6. On the topic of globalization, I’m not sure where you specifically stand, but Republicans as a group are largely nationalistic and isolationistic. This approach is both outdated and unrealistic in a highly connected world. In the same way that you cannot build walls to effectively keep out immigrants, you cannot build walls to keep out the rest of the world from our economy. In fact, our economy suffers greatly from such blanket xenophobia. That does not mean that we knuckle under to strong arm tactics from our competitor countries like China, but rather that we use that fiscal policies like the CHIPS bill to fight our fight and not the idiotic cudgel of tariffs like Trump used.
7. Civility is a very big deal these days and may seem minor, but I believe it is at the core of our problems. The Republican extremists have been allowed to run rampant over the House of Representatives and no amount of control by McCarthy’s speakership seems possible any more. The lack of civility and norms shown during the State of the Union Address was unprecedented. The allowance of people of known ill-repute like George Santos to keep their seats in Congress and forgoing censure by Republicans just makes our country weaker both in character and especially in the eyes of our allies. In your theme of the importance of consequences, I suggest that the consequences of pursuing untruths for political gain should be at the top of things that we collectively fight to end.

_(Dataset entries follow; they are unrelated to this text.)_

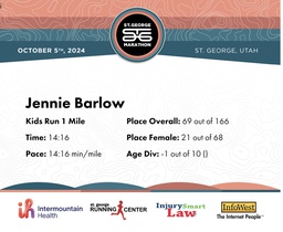| Finish | 1.0 | 14:16 | 14:16/miles | 1.0 | 14:16 | 14:16/miles | 69 | 21 F | |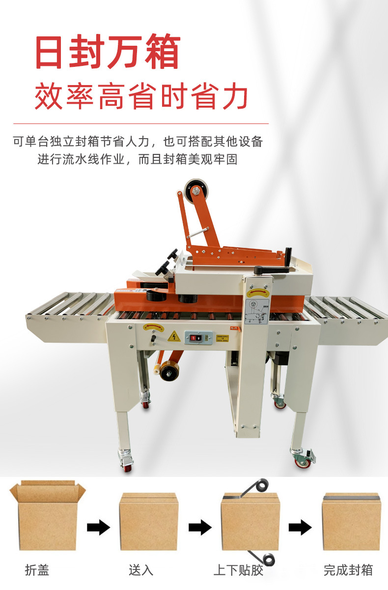 那么,封箱機(jī)是如何工作的呢?簡單來說,封箱機(jī)主要由以下幾個部分組成:送紙器、膠帶輸送器、封箱刀、切割器、調(diào)整器等。在使用封箱機(jī)之前,我們需要將紙箱放在送紙器上,然后讓封箱刀貼合在包裝箱的邊緣,進(jìn)行封口操作。整個過程簡單、快捷,大大提高了我們的工作效率。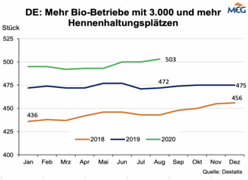 (MMB) Im Laufe des Jahres 2020 wurde die Erzeugung von Bioeiern in Deutschland ausgeweitet. Insbesondere im dritten Quartal kamen neue Betriebe hinzu.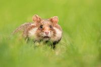 Wilde hamster, korenwolf, met bolle wangen in het groene gras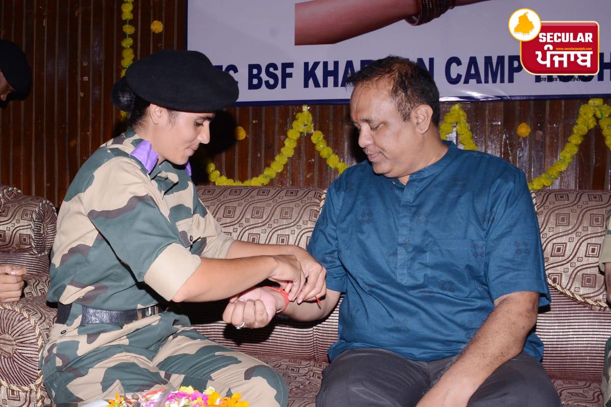ਉਹਨਾ ਕਿਹਾ ਕਿ ਮੌਜੂਦਾ ਸਮੇਂ ਵਿਚ ਵੀ ਮਾਂ ਦੁਰਗਾ ਦੀਆਂ ਕੁਝ ਅਜਿਹੀਆਂ ਹੀ ਔਰਤਾਂ ਸਰਹੱਦੀ ਸੁਰੱਖਿਆ ਬਲ ਰਾਹੀਂ ਦੇਸ਼ ਦੀਆਂ ਸਰਹੱਦਾਂ ਦੀ ਦੁਸ਼ਮਣਾਂ ਤੋਂ ਰਾਖੀ ਲਈ ਕੜਾਕੇ ਦੀ ਸਰਦੀ ਅਤੇ ਕੜਕਦੀ ਗਰਮੀ ਵਿਚ ਸਰਹੱਦਾਂ ‘ਤੇ ਪਹਿਰਾ ਦੇ ਰਹੀਆਂ ਹਨ। ਨੀਤੀ ਤਲਵਾੜ ਨੇ ਕਿਹਾ ਕਿ ਰੱਖੜੀ ਦੇ ਪਵਿੱਤਰ ਧਾਗੇ ਦੇ ਨਾਲ-ਨਾਲ ਅਸੀਂ ਆਪਣੇ ਭਰਾਵਾਂ ਦੇ ਗੁੱਟ ‘ਤੇ ਦੇਸ਼ ਦੀ ਰੱਖਿਆ ਕਰਨ ਦੀ ਕਸਮ ਦਾ ਧਾਗਾ ਵੀ ਬੰਨ੍ਹਿਆ ਹੈ।ਇਸ ਮੌਕੇ ਕੈਂਪਸ ਕਮਾਂਡੈਂਟ ਆਜ਼ਾਦ ਸਿੰਘ ਮਲਿਕ ਨੇ ਸਾਰੀਆਂ ਭੈਣਾਂ ਦਾ ਧੰਨਵਾਦ ਕਰਦਿਆਂ ਕਿਹਾ ਕਿ ਅਸੀਂ ਦੇਸ਼ ਦੇ ਲੋਕ  ਦੇਸ਼ ਦੇ ਵੱਖ-ਵੱਖ ਕੋਨੇ-ਕੋਨੇ ਆਪਣੀ ਮਾਤ ਭੂਮੀ ਦੀ ਰਾਖੀ ਲਈ ਯਤਨਸ਼ੀਲ ਹਾ ਅਤੇ ਇਹ ਵੀ ਹੈ ਕਿ ਤਿਉਹਾਰਾਂ ਦੌਰਾਨ ਹਰ ਸੈਨਿਕ ਨੂੰ ਪਰਿਵਾਰ ਦੀ ਘਾਟ ਮਹਿਸੂਸ ਹੁੰਦੀ ਹੈ, ਪਰ ਦੇਸ਼ ਵਾਸੀਆਂ ਵੱਲੋਂ ਦਿੱਤਾ ਗਿਆ ਇਹ ਪਿਆਰ ਹਮੇਸ਼ਾ ਸਾਡੇ ਨਾਲ ਰਹੇਗਾ ਅਤੇ ਇਸ ਜ਼ਿੰਮੇਵਾਰੀ ਨੂੰ ਨਿਭਾਉਣ ਦੀ ਪ੍ਰੇਰਨਾ ਦਿੰਦਾ ਹੈ। ਨੀਤੀ ਤਲਵਾੜ ਨੇ ਬੀ.ਐਸ.ਐਫ ਨਾਲ ਪਿਛਲੇ 14 ਸਾਲਾਂ ਤੋਂ ਜੋ ਰਿਸ਼ਤਾ ਕਾਇਮ ਕੀਤਾ ਹੈ, ਉਹ ਭਵਿੱਖ ਵਿੱਚ ਵੀ ਇਸੇ ਤਰ੍ਹਾਂ ਜਾਰੀ ਰਹੇਗਾ, ਇਸ ਮੌਕੇ ਅਸ਼ਵਨੀ ਓਹਰੀ, ਪ੍ਰਿਆ ਸੈਣੀ ਸਰਬਜੀਤ ਕੌਰ ਸ਼ਿਵਮ ਓਹਰੀ ਰਾਕੇਸ਼ ਸਹਾਰਨ, ਭੁਪਿੰਦਰ ਸਿੰਘ, ਊਸ਼ਾ ਕਿਰਨ ਸੂਦ, ਮੁਸਕਾਨ ਪਰਾਸ਼ਰ ਆਦਿ ਵੀ ਹਾਜ਼ਰ ਸਨ।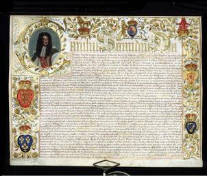 | Keywords: Deed.jpg The Grant of deed of Arms of Earl of Abingdon 1682 V A Museum no W 25 1 to 3-1987 Techniques - Vellum inscribed illuminated and gilded with a black wax seal attached by a plaited cord of metal thread Place - London England possibly The granting of an earldom would have been of paramount importance to a family particularly if it involved a promotion to higher rank A special box was required to protect the precious document and its seal without which the deed would not have been valid People - The Grant was made on 20 November 1682 to James Bertie 5th Lord Norris 1653-1699 The document includes a portrait of Charles II who reigned from 1660 to 1685 Abingdon was Lord Lieutenant of Oxfordshire from 1674 until 1687 Later he offered financial support to William III but he ended up opposing his accession to the throne and duly withdrew from the court The Lady Bettine Abingdon Collection Bequeathed by Mrs T R P Hole Document created 1682<br> 2007-12-29 Document Charles II<br> Uploaded photo VAwebteam wikipedia en PD-old-100 GFDL relicense PermissionOTRS https //secure wikimedia org/otrs/index pl Action AgentTicketZoom TicketID 1332999 Original upload log en wikipedia Quadell CommonsHelper en wikipedia Deed jpg 2007-12-29 10 36 VAwebteam 762×646× 150313 bytes <nowiki>The Grant of deed of Arms of Earl of Abingdon 1682 V A Museum no W 25 1 to 3-1987 Techniques - Vellum inscribed illuminated and gilded with a black wax seal attached by a plaited cord of metal thread Place - London England possibly The granti</nowiki> Manuscripts in the Victoria and Albert Museum 1682 works in the United Kingdom 17th-century deeds Portraits of Charles II of England 1682 in art James Bertie 1st Earl of Abingdon Bertie arms 1682 documents |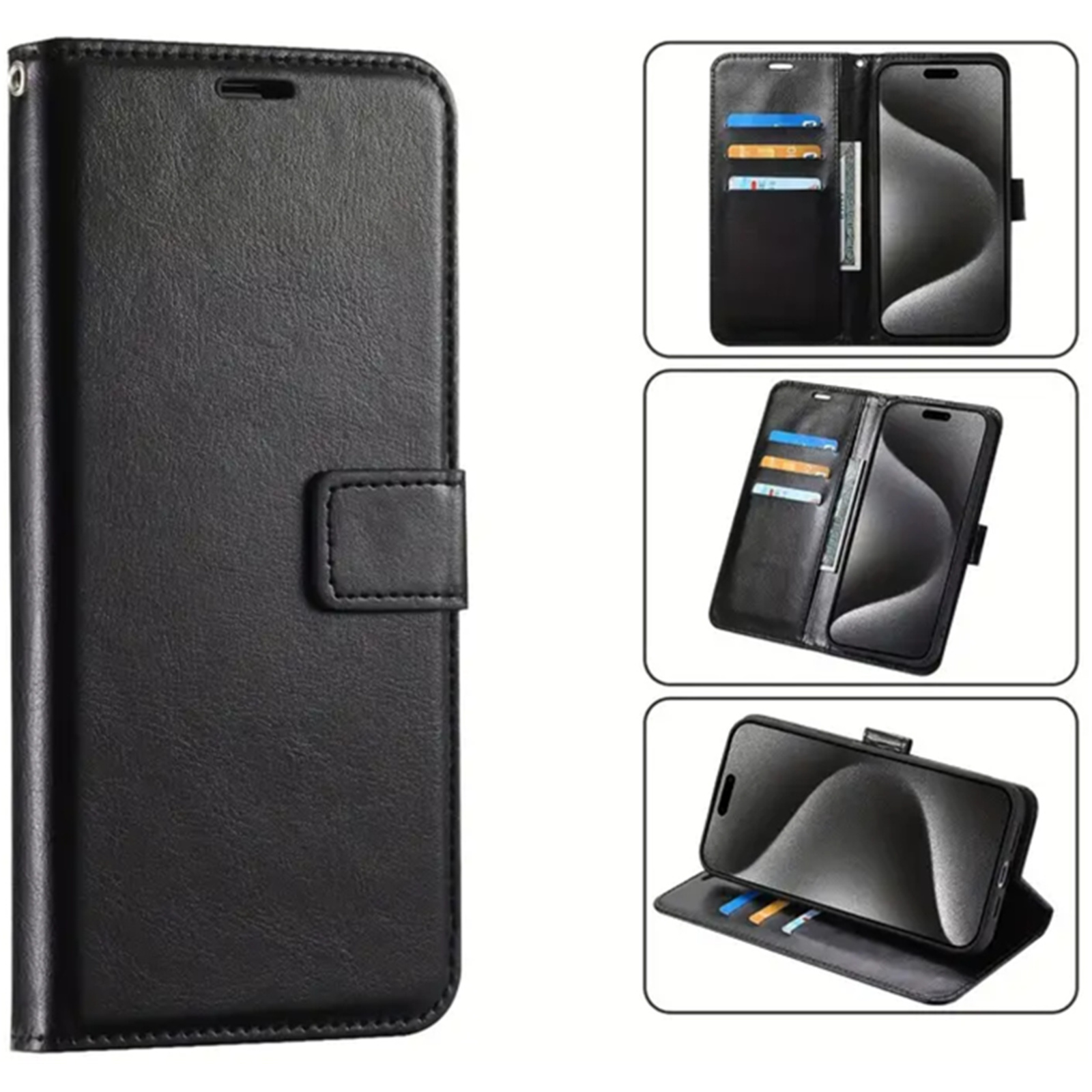 iPhone 15 Flip Wallet Case - Black 3 Card Slots - Cash Compartment - Magnetic Clip

8. Biden has strengthened and reestablished our global leadership role. Trump worked incessantly to destroy it. Biden has brought us closer to our most important allies and kept our enemies (China, Russia, Iran, North Korea) at bay. Trump embraced all of those enemies and shunned our historic and important allies.
9. You seem to want us to collectively ignore the parts and peoples of the world that would qualify as the have nots. You say we are “giv(ing) everything to everyone with no consequences”. I say that we have an obligation as humans to care for one another and that may be the most important legacy we can leave our grandchildren because it will create a more stable and truly better world with less hate and more acceptance. It is worth twice the price to keep our world from the brink of anarchy by giving everybody something to lose by having a true stake in the system. It requires a longer-term and more expansive view of the world, which is the only rational approach to planning.
10. I agree that we, as a world, are in a mess, but that it is a mess of our own making. The biggest mess may be to our environment and that will affect our grandchildren more than anything else. Whether we caused it or its part of the natural cycle is irrelevant. What matters is how we fix it. You want to continue a proven harmful path of hydrocarbon overuse. I want to see us bend over backwards, even to some immediate cost to us economically, to find a less invasive way to generate energy for our needs without destroying the environment as quickly as we seem to be doing today.
Dear Roger, I doubt that this will cause an epiphany in you and that you will suddenly recant all of your views. What I do hope is that one or two of these points might resonate with you and make you think twice before knee-jerking to the latest republican or Fox News trope.
Rich, this may be your best “Lone Ranger” yet. Thoughtful and well composed. I cannot imagine how your motorcycle buddy can refute many of your points. He should come over from “the dark side” and embrace rationality, good logic and compassion. Well done.